Which F-score should I use: F1, F2, or F0.5?: Use F1 when both types of errors are equally costly; it gives equal weight to precision and recall. Use F0.5 when the cost of wrongly merging records is high, because it weighs precision twice as much as recall. Use F2 when missing actual matches is more problematic than making a few wrong matches, because it weighs recall twice as much as precision.
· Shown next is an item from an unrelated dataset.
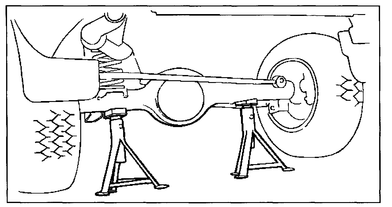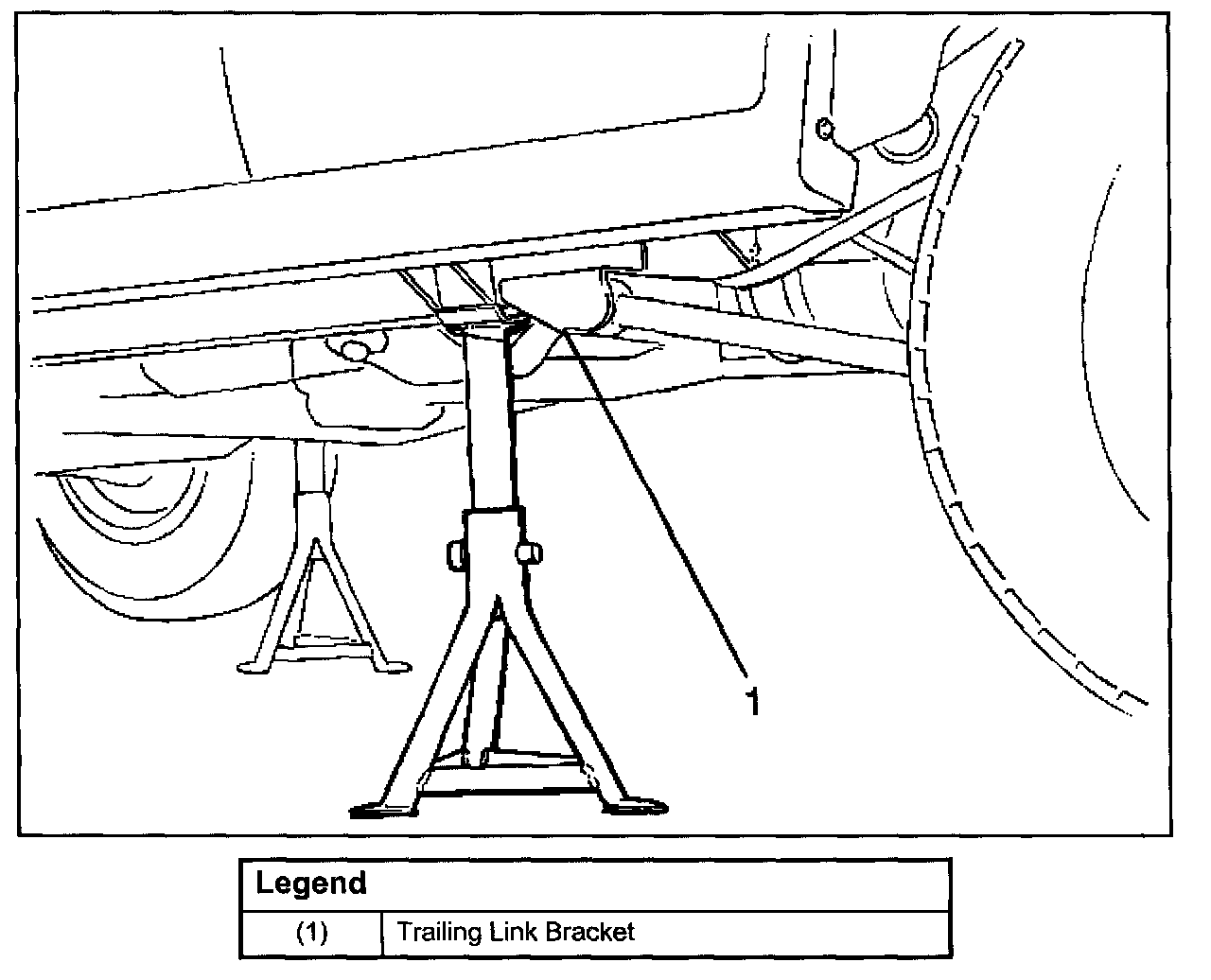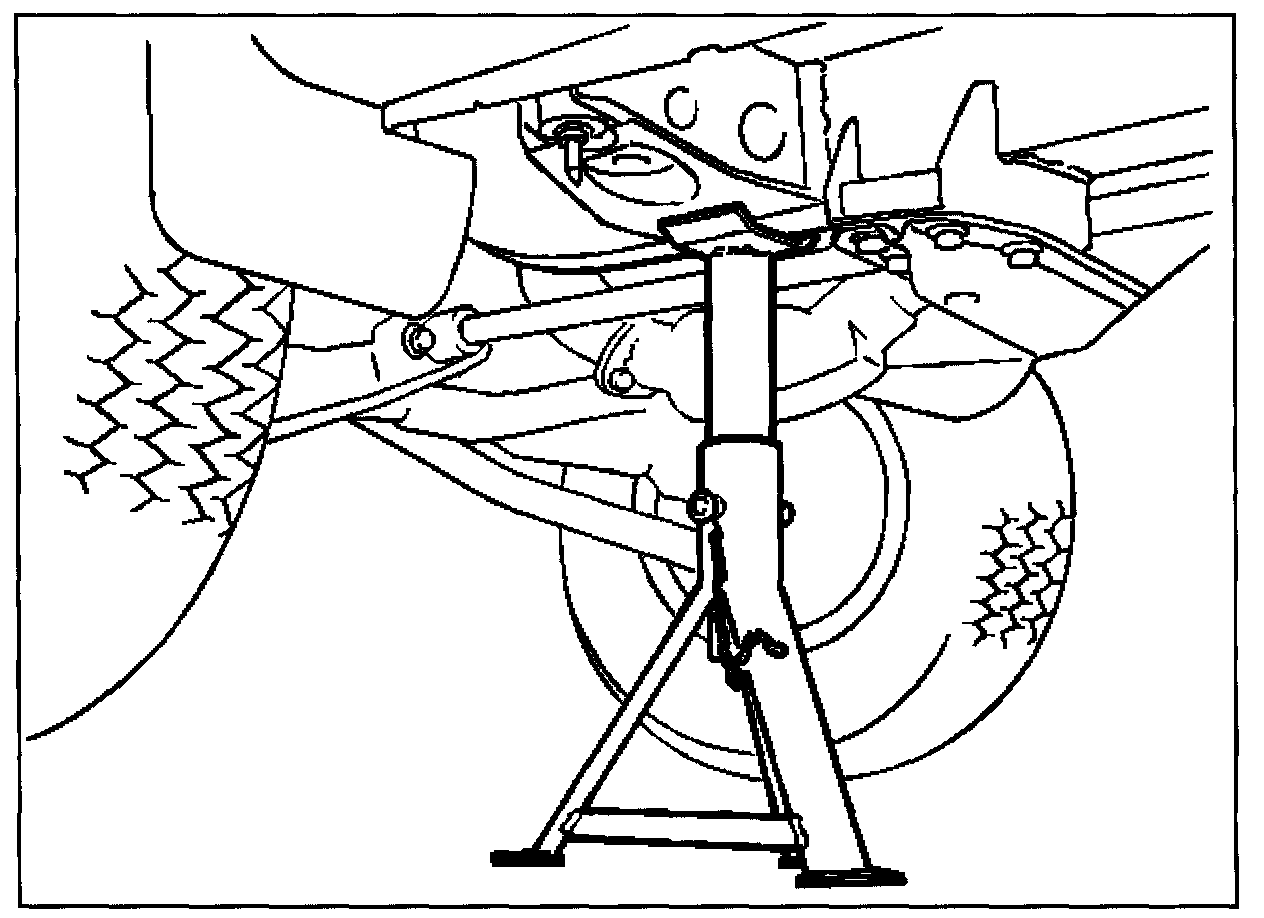 Position the chassis stands at the bottom of the frame sidemember, just in front of the trailing link bracket.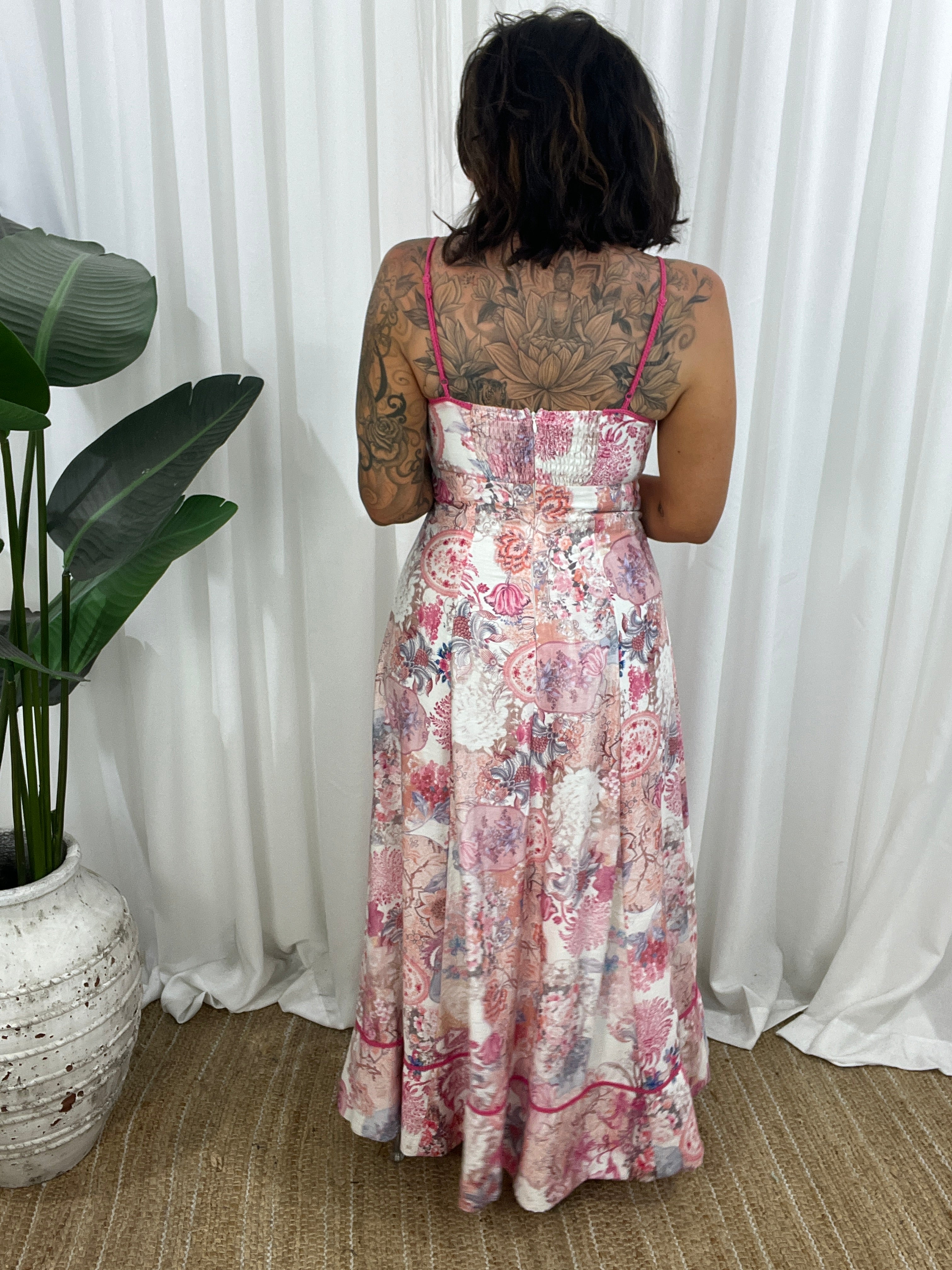 - Design : Maxi Length, fitted to body, A line cut. Lined. Shirred panel in upper back. Zip in upper rear. Peekaboo section at bust

The general formula is F_beta = (1 + beta^2) * (precision * recall) / (beta^2 * precision + recall).
Can you give a worked precision, recall and F1 example?: With a database of 1000 customer records and 100 actual duplicate pairs, a system that identifies 90 pairs of which 80 are correct (true positives), 10 are incorrect (false positives), and which misses 20 actual matches (false negatives), has Precision = 80/90 = 89%, Recall = 80/100 = 80%, and F1 Score = 2 * (0.89 * 0.80) / (0.89 + 0.80) = 84%. For the same numbers, the F2 score is 81% (favouring recall) and the F0.5 score is 87% (favouring precision).
Should I measure precision and recall at the pair level or the cluster level?: Measure both. The classic pairwise approach scores each candidate pair, but research on evaluating entity resolution systems argues for an entity-centric framework that estimates both cluster-level and pairwise precision and recall, because pair-based metrics alone can misrepresent how well records are grouped into correct entities.